The short-term harmful effects of this new therapeutic approach have also been “manageable,” according to the experts consulted. Not only that, but there actually was less collateral damage than with just chemotherapy, notes van der Sluis: “Potential side effects included fever, anemia or infection, but they were handled well.”
Rives celebrates what she considers to be the two great advantages that this study yields: “It improves results and prevents early relapses. And the toxicity that these children have presented is lower than with the intensive chemotherapy blocks, which is what they receive now. In the short term, it is not toxic. We’ll see what happens in the long term,” she points out.

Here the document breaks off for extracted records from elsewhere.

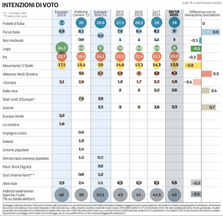 Sembra quindi che l’alzarsi dei toni, il crescere del conflitto, la mobilitazione anche vasta dei cittadini non incidano o quasi sull’elettorato. Nell’opposizione non c’è (e lo si era visto chiaramente già nel voto delle Marche) un effetto Gaza, nonostante un imponente e partecipato sciopero, né un effetto Ranucci, il giornalista di “Report” che è stato oggetto di un attentato, a seguito del quale si è parlato di un rischio democratico per il nostro Paese. Per le forze di maggioranza non c’è un effetto Trump, dopo la tregua nel Medio Oriente, né un effetto Kirk, l’attivista politico statunitense assassinato il 10 settembre, che ha portato il centrodestra e la premier Meloni ad accusare la sinistra di fomentare un clima di odio.
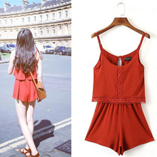 海边沙滩短裤度假修身显瘦复古高腰阔腿裤红色刺绣吊带连体裤女夏
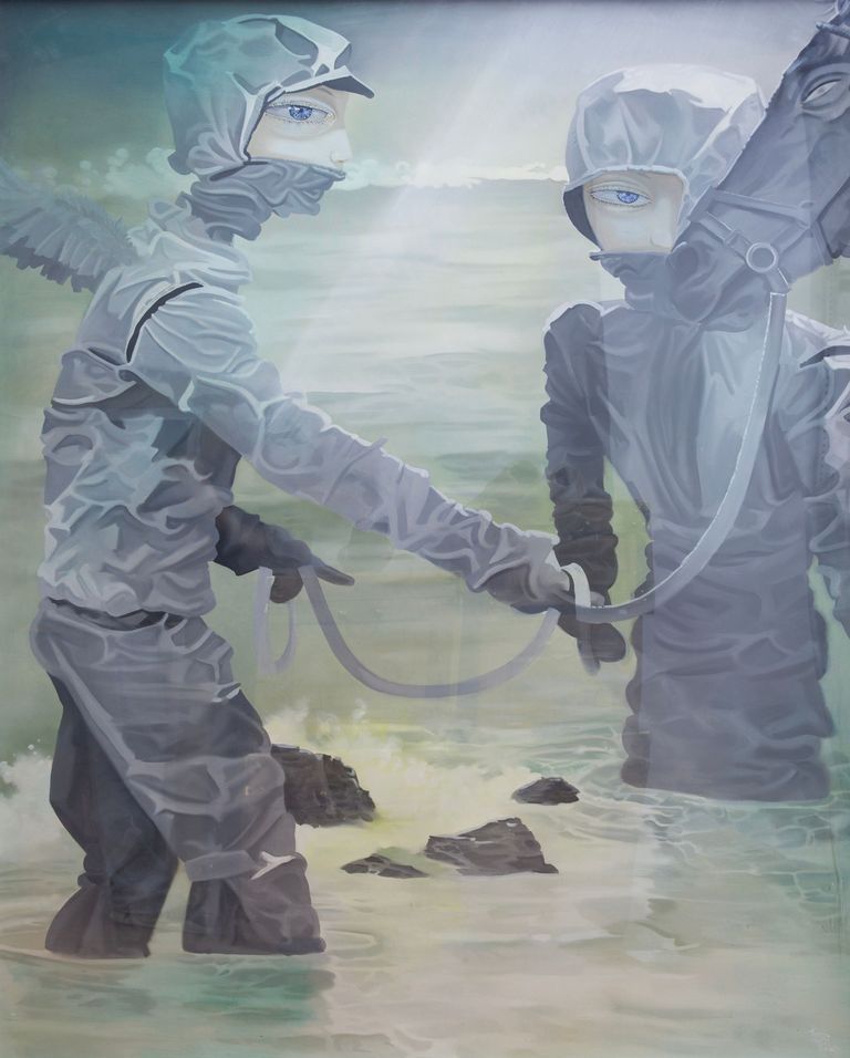 Transparent Beach is a compelling oil on canvas by Yu Xiong, measuring 150 by 120 centimeters. The composition showcases his distinctive blend of classical painting techniques infused with contemporary pop culture elements. Featuring surreal, ethereal figures and vivid, dreamlike colors, the work embodies a unique visual language that navigates between reality and imagination, evoking a poetic sense of the virtual and symbolic.
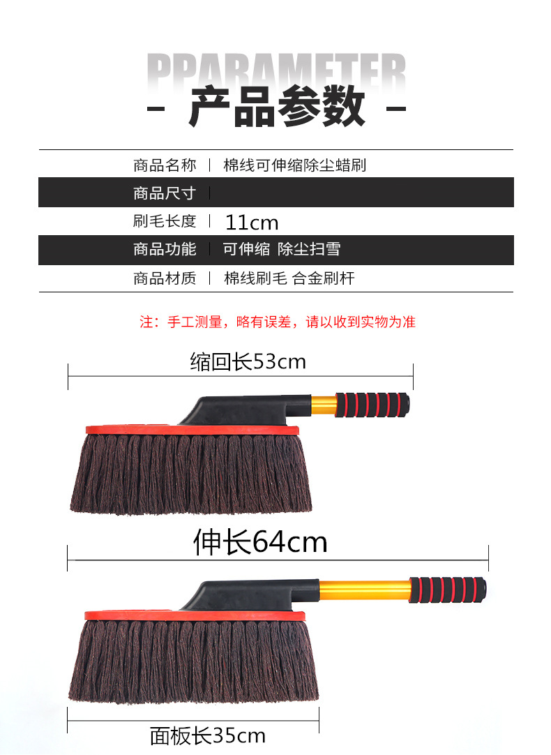 3、蜡刷掉毛现象:我们这个工厂采用机械植毛技术,通俗的说像牙刷一样纱线是打进刷板里,不会掉毛的。新刷子的纱线是机器裁切的,切面上会留有绒毛(浮毛)不可避免,但这个用几次就没有了(新车都需要磨合嘛);。再说了,蜡刷是个实用的扫灰工具,扫干净灰才是王道,对于细小绒毛非常敏感的买家,请慎重购买!
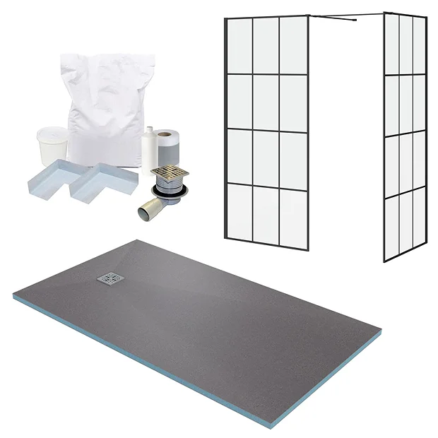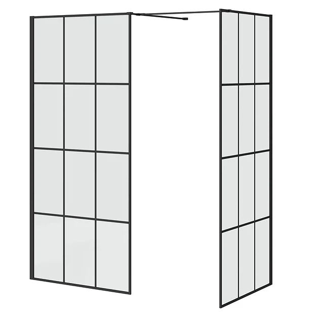 Create a sleek showering area with one of our wet room packages, features a 8mm-thick glass screens, matt black profile with matching square support arms, tray former, shower waste and installation kit. Glass screens have stunning digitally printed black grid pattern detailing that will bring a touch of sophistication in your bathroom.Â
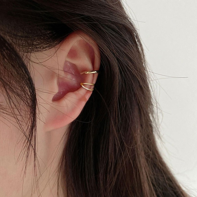 - đă3-piece ear cuffăDesigned for non-pierced ears, this set of earrings is lightweight and comfortable for longer wear. The width of the open side can be easily adjusted with a push or pull of your finger to account for different ear positions.

The Dutch researcher explains that “the follow-up was relatively short [about 26 months], but it covers the period in which most recurrences would be expected.” It is in that two-year period when relapses usually occur, and if the results improve in that critical window, that period is already valuable, agrees Rives. However, van der Sluis notes that future relapses cannot be ruled out, adding that “a longer follow-up is expected.”

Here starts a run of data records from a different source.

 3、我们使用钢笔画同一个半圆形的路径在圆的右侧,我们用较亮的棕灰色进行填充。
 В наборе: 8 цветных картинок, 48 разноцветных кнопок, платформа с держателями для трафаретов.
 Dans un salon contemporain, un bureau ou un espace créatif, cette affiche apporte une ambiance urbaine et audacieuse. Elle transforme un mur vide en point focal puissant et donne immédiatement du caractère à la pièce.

All the experts consulted agree that it will take more time and studies to consolidate the data. The limitations of the study itself reflect the short follow-up time and the fact that it is not a randomized study (with a control group that does not receive immunotherapy to assess the real impact); still, the authors hope that these results will be enough to change the standard treatment for a cancer with such a poor prognosis. “As a result of our study, all the babies with KMT2A-rearranged ALL will receive immunotherapy as part of the standard treatment,” says van der Sluis. However, at the moment patients can only receive treatment within the study protocols in order to gain access to blinatumomab. A larger study with 160 patients from 27 countries is already in the planning stages.
Further follow-up
The experts acknowledge that this is a study with few patients that were observed for a short time; being such a rare disease, they explain, it is difficult to increase the number of participants. Velasco assures that, in any case, the study published in the New England Journal of Medicine is already “good news” and opens the doors to “an interesting future.” Now, future trials will help answer the questions that remain in the air. “We know that relapses occur particularly at the beginning. But, is immunotherapy going to change the relapse profile? We don’t know. We will have to follow up,” he says.

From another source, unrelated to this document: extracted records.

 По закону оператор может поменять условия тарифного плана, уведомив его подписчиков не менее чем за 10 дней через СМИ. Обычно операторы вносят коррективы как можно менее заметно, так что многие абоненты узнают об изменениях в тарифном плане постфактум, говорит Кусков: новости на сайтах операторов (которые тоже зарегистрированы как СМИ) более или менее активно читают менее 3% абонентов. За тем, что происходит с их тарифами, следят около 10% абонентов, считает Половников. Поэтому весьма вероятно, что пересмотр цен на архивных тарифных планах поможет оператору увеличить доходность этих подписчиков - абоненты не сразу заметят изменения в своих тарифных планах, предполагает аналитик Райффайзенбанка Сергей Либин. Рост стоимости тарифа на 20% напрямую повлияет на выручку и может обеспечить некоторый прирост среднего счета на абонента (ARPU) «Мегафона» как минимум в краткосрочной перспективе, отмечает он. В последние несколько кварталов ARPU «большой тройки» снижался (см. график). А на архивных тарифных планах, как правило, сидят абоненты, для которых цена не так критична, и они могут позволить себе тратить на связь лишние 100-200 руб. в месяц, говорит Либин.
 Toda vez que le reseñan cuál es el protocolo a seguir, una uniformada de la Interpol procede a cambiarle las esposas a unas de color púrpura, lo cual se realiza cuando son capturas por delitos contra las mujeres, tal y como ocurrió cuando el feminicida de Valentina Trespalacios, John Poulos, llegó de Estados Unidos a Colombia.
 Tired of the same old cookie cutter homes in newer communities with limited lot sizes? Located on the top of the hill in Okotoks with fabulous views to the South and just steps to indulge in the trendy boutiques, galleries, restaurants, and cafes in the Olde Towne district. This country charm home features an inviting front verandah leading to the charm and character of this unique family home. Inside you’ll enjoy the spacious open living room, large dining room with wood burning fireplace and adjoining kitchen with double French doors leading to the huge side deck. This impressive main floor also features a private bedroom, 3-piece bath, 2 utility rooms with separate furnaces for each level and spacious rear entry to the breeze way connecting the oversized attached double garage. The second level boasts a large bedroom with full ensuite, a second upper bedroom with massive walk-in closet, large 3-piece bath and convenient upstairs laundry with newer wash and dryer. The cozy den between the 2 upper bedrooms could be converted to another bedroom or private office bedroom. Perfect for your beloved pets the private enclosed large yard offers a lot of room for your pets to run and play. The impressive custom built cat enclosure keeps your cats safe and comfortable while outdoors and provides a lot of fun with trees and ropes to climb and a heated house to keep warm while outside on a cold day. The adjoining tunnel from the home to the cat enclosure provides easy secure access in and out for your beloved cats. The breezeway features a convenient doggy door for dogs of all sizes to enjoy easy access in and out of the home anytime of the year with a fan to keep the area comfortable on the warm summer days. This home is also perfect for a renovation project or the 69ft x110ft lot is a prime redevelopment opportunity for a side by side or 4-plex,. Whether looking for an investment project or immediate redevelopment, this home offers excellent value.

Currently, it is unknown what happens to these babies after the age of two, if the disease returns or if any new side effects appear. However, the results are “encouraging,” insists Pablo Menéndez, main researcher of the stem cell biology, developmental leukemia and immunotherapy group at the Josep Carreras Leukemia Research Institute, in Spain. “The research of many years is beginning to yield results in childhood cancer. It is important to be cautious and observe them for years, but these are not mice – they are patients, and with an approved and marketed drug,” he celebrates.